What is needed is an exact copy of the records below, with the pictures left out.

Data items
▶

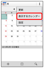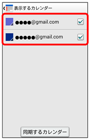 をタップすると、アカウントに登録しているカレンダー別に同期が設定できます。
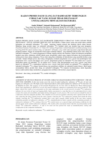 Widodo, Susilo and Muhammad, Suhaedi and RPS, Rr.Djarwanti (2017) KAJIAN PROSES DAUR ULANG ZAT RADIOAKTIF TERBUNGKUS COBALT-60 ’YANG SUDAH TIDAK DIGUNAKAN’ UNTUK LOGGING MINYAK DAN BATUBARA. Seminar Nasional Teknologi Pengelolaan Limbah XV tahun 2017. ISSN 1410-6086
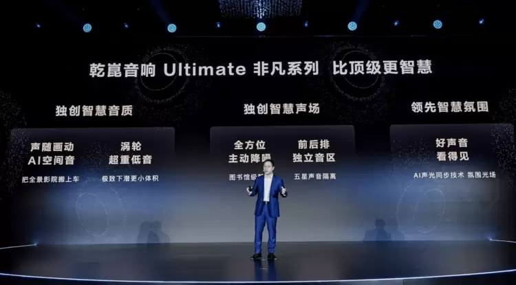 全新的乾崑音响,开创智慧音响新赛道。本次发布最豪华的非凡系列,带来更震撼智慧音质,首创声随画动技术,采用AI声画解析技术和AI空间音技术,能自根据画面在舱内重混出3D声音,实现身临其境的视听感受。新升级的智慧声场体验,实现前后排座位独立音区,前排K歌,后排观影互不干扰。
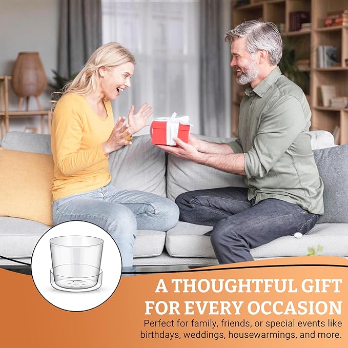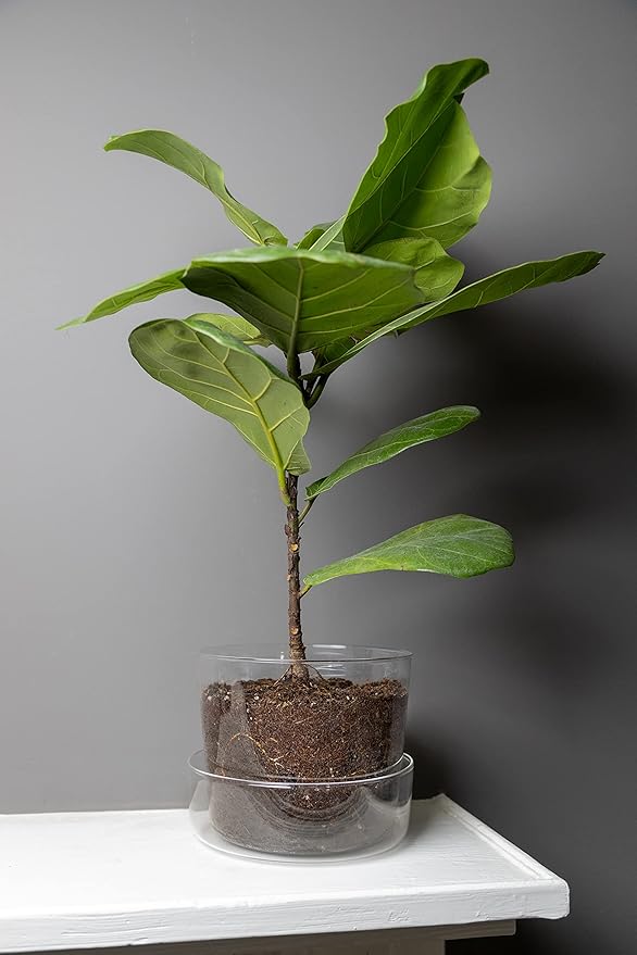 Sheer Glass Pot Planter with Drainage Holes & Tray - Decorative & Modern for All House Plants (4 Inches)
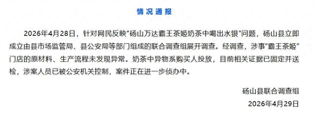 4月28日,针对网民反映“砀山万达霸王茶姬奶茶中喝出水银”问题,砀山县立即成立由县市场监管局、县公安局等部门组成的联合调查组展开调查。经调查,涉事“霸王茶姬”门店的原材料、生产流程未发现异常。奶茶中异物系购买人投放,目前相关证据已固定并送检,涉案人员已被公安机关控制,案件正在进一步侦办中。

◀

## [Written response]
 をタップすると、アカウントに登録しているカレンダー別に同期が設定できます。
 Widodo, Susilo and Muhammad, Suhaedi and RPS, Rr.Djarwanti (2017) KAJIAN PROSES DAUR ULANG ZAT RADIOAKTIF TERBUNGKUS COBALT-60 ’YANG SUDAH TIDAK DIGUNAKAN’ UNTUK LOGGING MINYAK DAN BATUBARA. Seminar Nasional Teknologi Pengelolaan Limbah XV tahun 2017. ISSN 1410-6086
 全新的乾崑音响,开创智慧音响新赛道。本次发布最豪华的非凡系列,带来更震撼智慧音质,首创声随画动技术,采用AI声画解析技术和AI空间音技术,能自根据画面在舱内重混出3D声音,实现身临其境的视听感受。新升级的智慧声场体验,实现前后排座位独立音区,前排K歌,后排观影互不干扰。
 Sheer Glass Pot Planter with Drainage Holes & Tray - Decorative & Modern for All House Plants (4 Inches)
 4月28日,针对网民反映“砀山万达霸王茶姬奶茶中喝出水银”问题,砀山县立即成立由县市场监管局、县公安局等部门组成的联合调查组展开调查。经调查,涉事“霸王茶姬”门店的原材料、生产流程未发现异常。奶茶中异物系购买人投放,目前相关证据已固定并送检,涉案人员已被公安机关控制,案件正在进一步侦办中。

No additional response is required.